▸ INSTRUCTIONS TO FOLLOW
From the line containing "Das Innenzelt ist" through the end of the material below, output each line exactly as written, with pictures excluded.

▸ SOURCE MATERIAL
* * * *
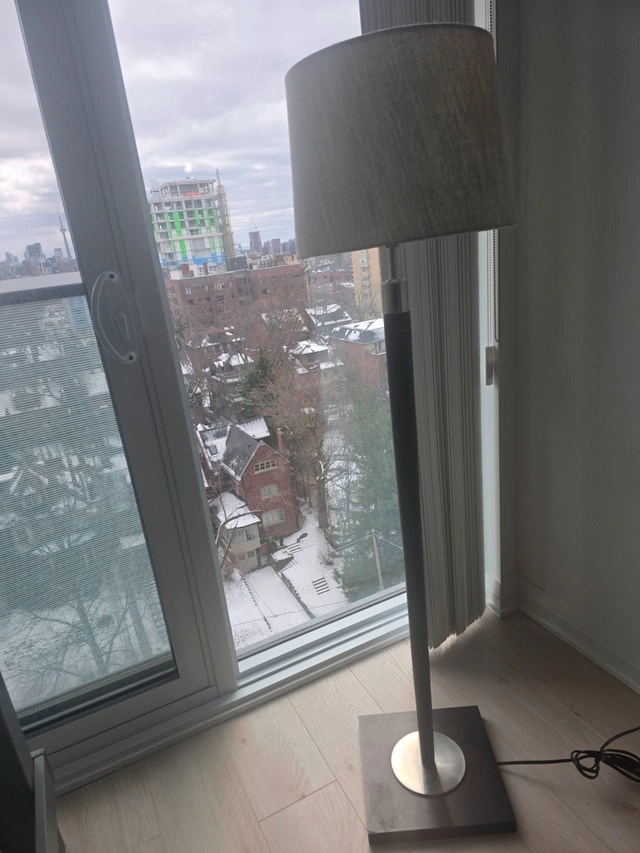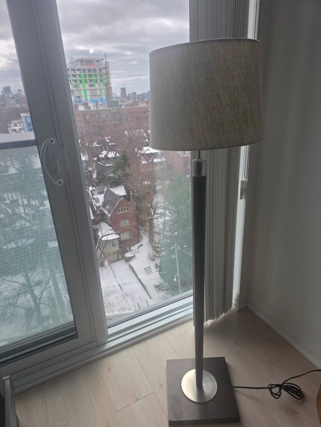 Specialties 60-inch Modern Floor Lamp in black and nickel finish with a grey fabric shade. Removable shade/ can be changed. Asking $75. Used - Good condition. For Sale By: Owner.
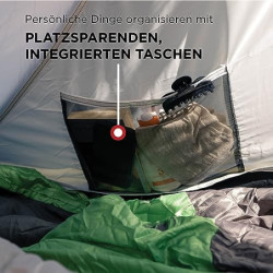 Das Innenzelt ist atmungsaktiv, schwer entflammbar und mit einem blickdichtem Moskitonetz versehen
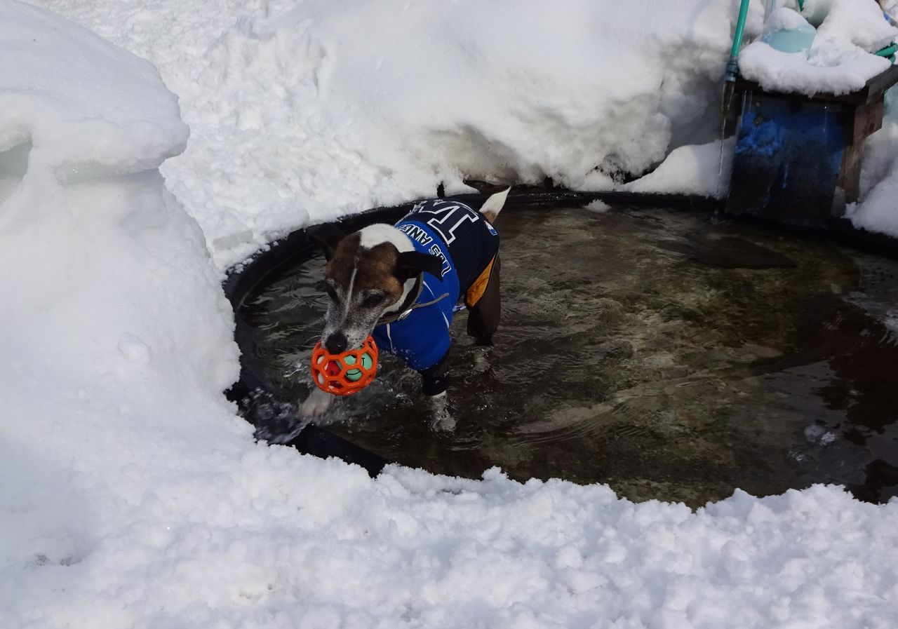 プールに落ちたボールをとりたい僕 ダンの応援を受けてガンバ・・・
* * * *
▸ OUTPUT
 Das Innenzelt ist atmungsaktiv, schwer entflammbar und mit einem blickdichtem Moskitonetz versehen
 プールに落ちたボールをとりたい僕 ダンの応援を受けてガンバ・・・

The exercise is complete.